Start of The data
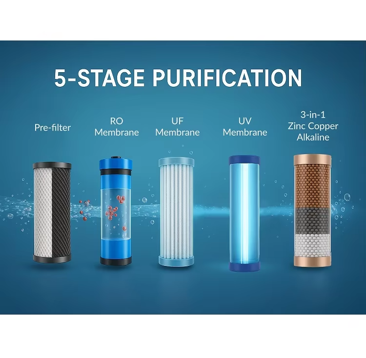 เครื่องกรองน้ำ RO สีน้ำเงินประสิทธิภาพสูงพร้อมระบบกรองน้ำที่เชื่อถือได้สำหรับการให้ความชุ่มชื้นในชีวิตประจำวัน
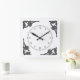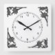 Angled "wrought iron" leafy bracket replicated in each corner. Image is black on white background. Clock face is circle with minute marks surrounding the twelve numerals.
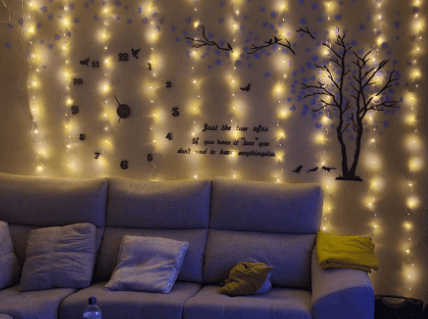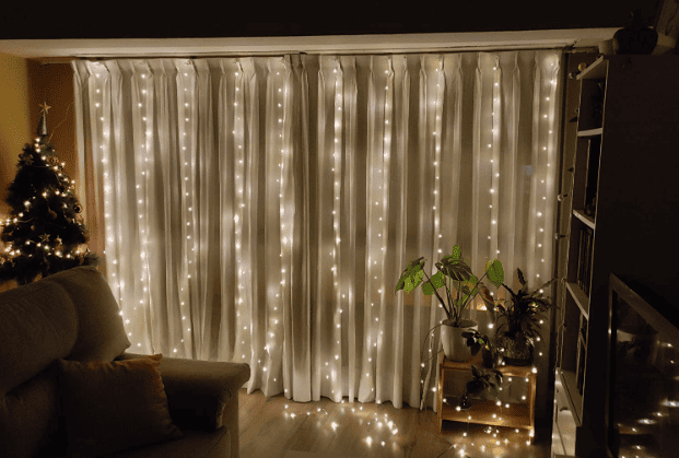 • Esta cortina de luces es realmente muy bonita. La compré hace un año para Navidad. Da un efecto cálido y mágico a la casa.
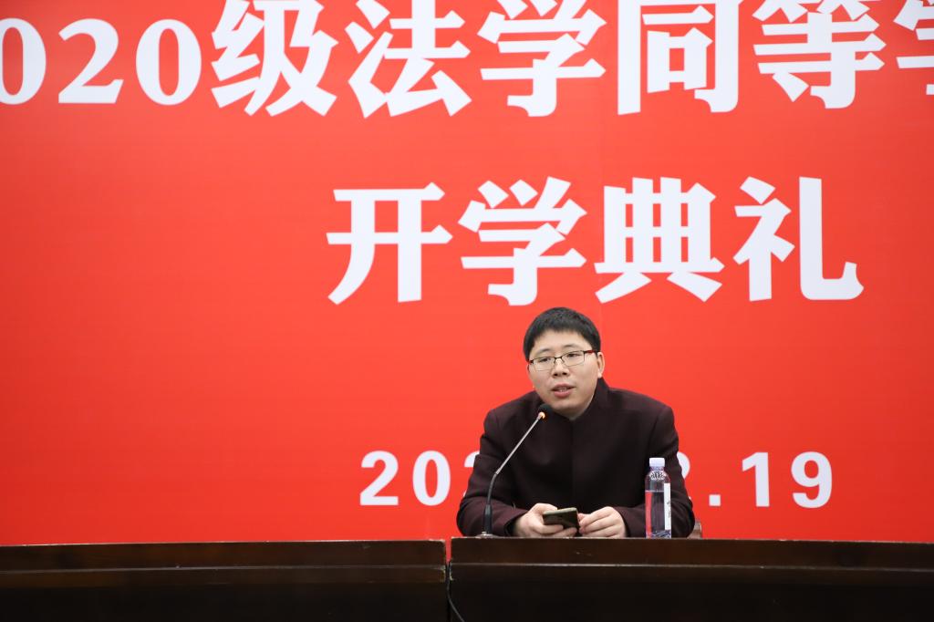副教授蒋海松应邀出席。同等学力办公室各职能负责人及20级新生悉数参加。开学典礼由申硕办张娜老师主持。
End of The data
Problem requirements
Instruction for this listing: copy it exactly, but leave the images behind.

Your solution
 เครื่องกรองน้ำ RO สีน้ำเงินประสิทธิภาพสูงพร้อมระบบกรองน้ำที่เชื่อถือได้สำหรับการให้ความชุ่มชื้นในชีวิตประจำวัน
 Angled "wrought iron" leafy bracket replicated in each corner. Image is black on white background. Clock face is circle with minute marks surrounding the twelve numerals.
 • Esta cortina de luces es realmente muy bonita. La compré hace un año para Navidad. Da un efecto cálido y mágico a la casa.
副教授蒋海松应邀出席。同等学力办公室各职能负责人及20级新生悉数参加。开学典礼由申硕办张娜老师主持。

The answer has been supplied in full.